Class of 2015 Success Stories: Musical Arts

CLASS OF 2015 SUCCESS STORY: MUSICAL ARTS

By Bob Cunningham

Maria Ziegman picked up the flute in fifth grade and knew it was the instrument for her.

Now 22, the Bowling Green State University senior graduated with a 3.8 GPA and degrees in music education and music performance.

“I had always heard of Bowling Green as having a strong music education program and I decided if I was going to go for music education I was going to go to a school that was going to make me prepared,” said Ziegman, who grew up in Fremont, Ohio.  

Ziegman wasn’t able to attend the graduation ceremony because she is student-teaching at a junior high school in Oswego, Ill. She credits the music department at BGSU for her quick placement as a student teacher.

“All of my professors were very supportive of what I wanted to do,” Ziegman said. “I think all of the students in the music building — that’s where I spent most of my time — they were all nice to be with and we all supported each other. 

“Being at Bowling Green has actually allowed me get to Traughber Junior High School in Oswego through its distance student teacher program, which is new for the music building in the last year. So, I am out here student-teaching in Illinois because I heard some really awesome things about how they structure their music programs.

Ziegman is specializing in teaching instrumental music to sixth, seventh and eighth graders while in Oswego, about an hour southwest of Chicago.

“After being at the junior high level this semester I think I’d really love to be a junior high teacher,” she said. “The sixth graders are really funny because they’re all wide-eyed, they’re in awe of junior high, and they’re still a little bit scared. And then you see the eighth graders and it’s like old hat, but their abilities have grown so much in three years.

Ziegman singled out Dr. Conor Nelson as a major influence during her time at Bowling Green.

“He was my flute instructor. I spent all four years every week seeing him for an hour working on flute lessons,” she said. “He was really quite a mentor to me and supported me and has helped me grow into who I am right now.

“The band methods classes I’ve taken and the classes I’ve taken with Dr. Nelson, they basically show you what you’re capable of and how you’re capable of achieving it through your own musical abilities, like your own performance. And then they show you what some of the best strategies to get your students to feel that same success. I think just learning to apply my experiences and take my experiences and use them to make myself a better teacher and provide my own students that insight that they might not have thought of yet.”

Flute is Ziegman’s primary instrument, but she is required to learn all of them for this teaching position. She’s been playing a lot of trombone while in Oswego and said she’s “pretty decent at the moment.

“Once you learn a woodwind instrument like flute, saxophone, or clarinet, those are very transferable and I think it’s very easy to move between those,” Ziegman said. “As soon as you learn a brass instrument — the trumpet, trombone, or baritone — all of that is very transferable to each other. Once you’ve learned a woodwind and a brass instrument, you’re doing pretty good.”

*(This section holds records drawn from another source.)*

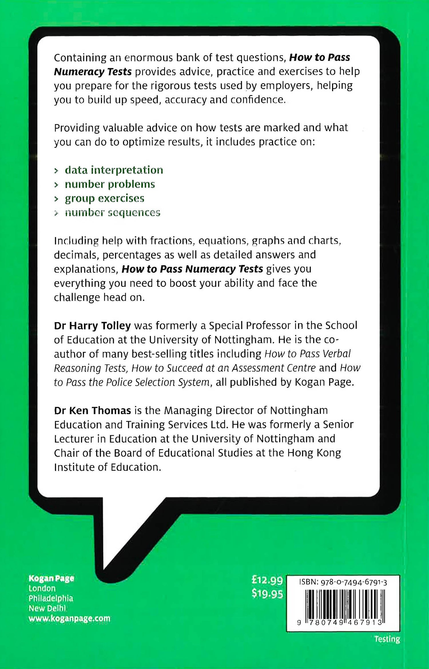 How to Pass Numeracy Tests covers a huge variety of practice questions to provide essential practice for numeracy recruitment tests. How to Pass Numeracy Tests will help you practice for timed tests, revise your maths and numeracy knowledge and improve your test technique. Providing over 350 practice questions it also gives vital advice on how the tests are marked and what you can do to optimise results. The wide variety of practice includes 20 timed tests on data interpretation, number sequences and number problems, covering percentages, averages, currency, decimals, whole numbers, multiplication and division as well as adding and substracting. With mental arithmetic starter exercises and a host of preparation techniques, How to Pass Numeracy Tests will help increase your confidence and beat the competition.
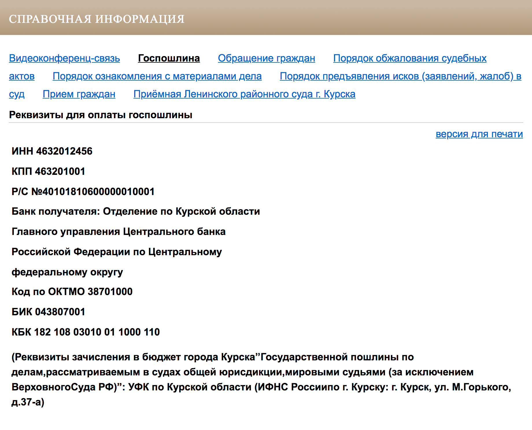 Оплатить госпошлину. Чтобы оплатить пошлину, нужно сначала узнать реквизиты. Это можно сделать на сайте суда. Там же можно скачать квитанцию или платежное получение.
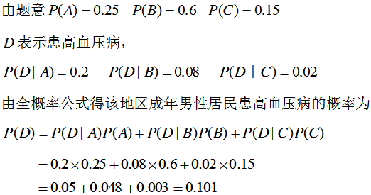 设某地区地区男性居民中肥胖者占25%,中等者占60%,瘦者占15%,又知肥胖者患高血压病的概率为20%,中等者患高血压病的概率为8%,瘦者患高血压病的概率为2%,试求:该地区成年男性居民患高血压病的概率
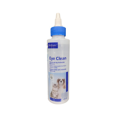 Denna produkt från Virbac både rengör och lindrar ögonen hos hund och katt. Eye Clean är en isotonisk och lindrande lösning som rengör själva ögat och området runt ögat. PH -värdet är identiskt med tårarnas pH -värde hos hund och katt.
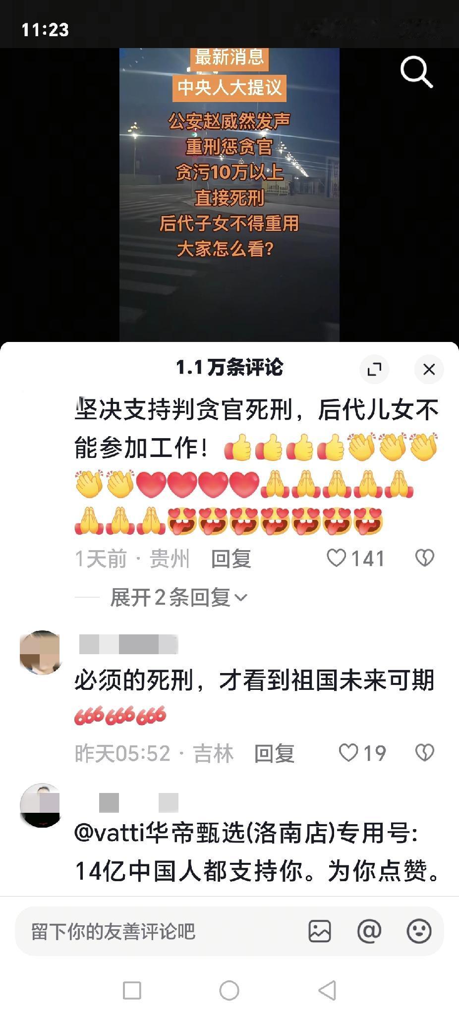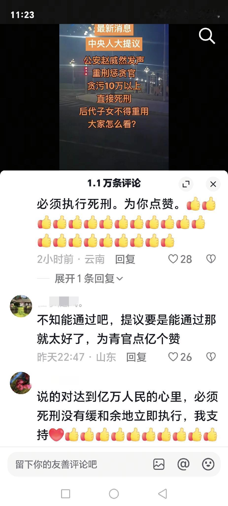 看到一则消息:公安赵威然发声提议,重刑惩贪官,贪污10万以上直接死刑,后代子女不得重用。 先不说这个消息是真假,单看评论区网友留言,可见这个提议有多得民心了。大家都说这个提议非常好,大力支持,希望在法律上能实现。 现在国家大力查处贪腐,可查实之后重刑的很少,有的贪官进去几年后出来仍然宽松度日,可见早就备好了养老余钱。 就像老百姓猜测的那样,贪腐的钱很少有被全部缴回的,贪官是在用几年的牢狱换子女和自己余生宽松的生活。 如果达到一定数额重判死刑的话,便会震慑那些想要贪腐的人,毕竟生命的代价和牢狱的代价不是一样的。官员贪污 腐败分子 杀腐败 国家反贪腐

At Bowling Green, she took a string methods class for a semester in which she learned to play the violin, viola, cello and string bass. She also had some experience in high school playing percussion, which is coming in handy at the moment as she is teaching a sixth-grade percussion class.

And now that Ziegman has experienced teaching firsthand, she has found that she likes it as much as she does performing.

“The kids are all really curious and they all want to know how everything works,” she said. “And it’s really awesome because I still get to play my flute and show them what it should sound like or a better way of fingering notes and such. It’s really the best of both worlds, I think. I get to see them conduct the music, which is beautiful to hear, and see the students be able to do it.” 

Ziegman plans on getting at least a master’s degree in administration in the near future because it can be useful in running a band program.  

“Most of the job as a band instructor takes place outside the classroom,” she said. “ You’ve got to organize rehearsals, communicate with parents, set up trips and order instruments."

But that’s down the road a little bit. For now, Ziegman is able to reflect a little on her time at Bowling Green. 

“I think the biggest thing I took away from BGSU was, you’ve got to shoot for the moon, and even if you don’t hit the moon, you’ll get farther than you would’ve thought.”